Task item: From the first line of the material to the line containing "- Записные книжки", inclusive, write out each line exactly, leaving out the pictures.

Dataset section:
-- Opening Marker --
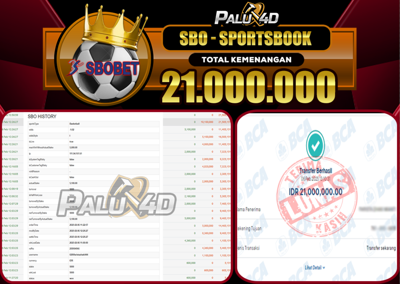 PALU4D – Menang SPORTBOOKS TARUHAN BOLA Rp.21.000.000.,- LUNAS
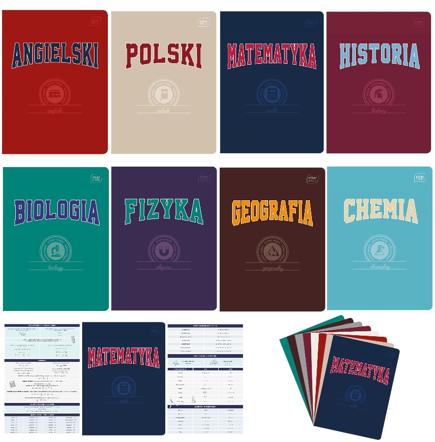 - Записные книжки для: польский, английский, математика, физика, химия, биология, география, история
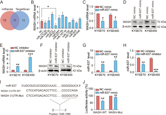 方法细节:首先利用TargetScan与miRanda数据库预测WASH 3"-UTR区域的miRNA结合位点,筛选得到11个候选miRNA;将各候选miRNA模拟物分别转染至KYSE70细胞,通过实时荧光定量PCR(qRT-PCR)筛选可显著抑制WASH表达的miRNA;随后在KYSE70与KYSE450两种ESCC细胞系中,分别转染miR-637模拟物或抑制剂,通过实时荧光定量PCR与蛋白质免疫印迹(Western blotting)检测WASH在mRNA与蛋白水平的表达变化;最后构建包含WASH 3"-UTR野生型与miR-637结合位点突变型的荧光素酶报告载体,与miR-637模拟物共转染293T细胞,检测荧光素酶活性以验证直接靶向关系。
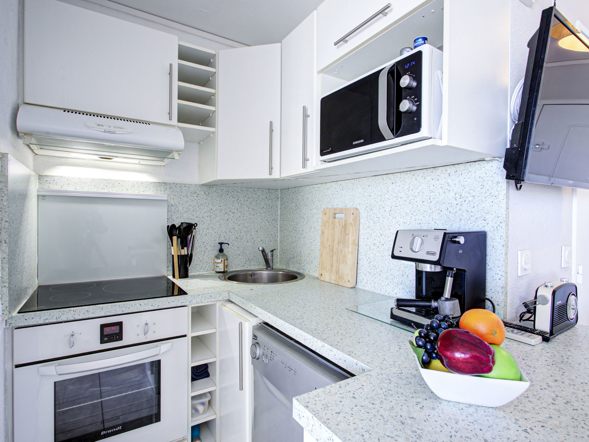 "Ipanema Sud", 2-room apartment 32 m2 on 4th floor, east facing position. Beautiful furnishings: living/dining room with 1 sofabed (140 cm, length 200 cm), dining table, TV, flat screen and air conditioning. Exit to the loggia. 1 room with 1 french bed (1 x 140 cm, length 190 cm). Open kitchen (oven, dishwasher, 3 induction hot plates, toaster, kettle, microwave, electric coffee machine, raclette grill). Shower, sep. WC. Facilities: washing machine, iron, hair dryer. Internet (WiFi, free). Parking. Please note: maximum 1 small pet/ dog allowed. Smoke alarm. Offer by a private individual according to Art. 155, IV of CGI.
-- Closing Marker --
Task result:
 PALU4D – Menang SPORTBOOKS TARUHAN BOLA Rp.21.000.000.,- LUNAS
 - Записные книжки для: польский, английский, математика, физика, химия, биология, география, история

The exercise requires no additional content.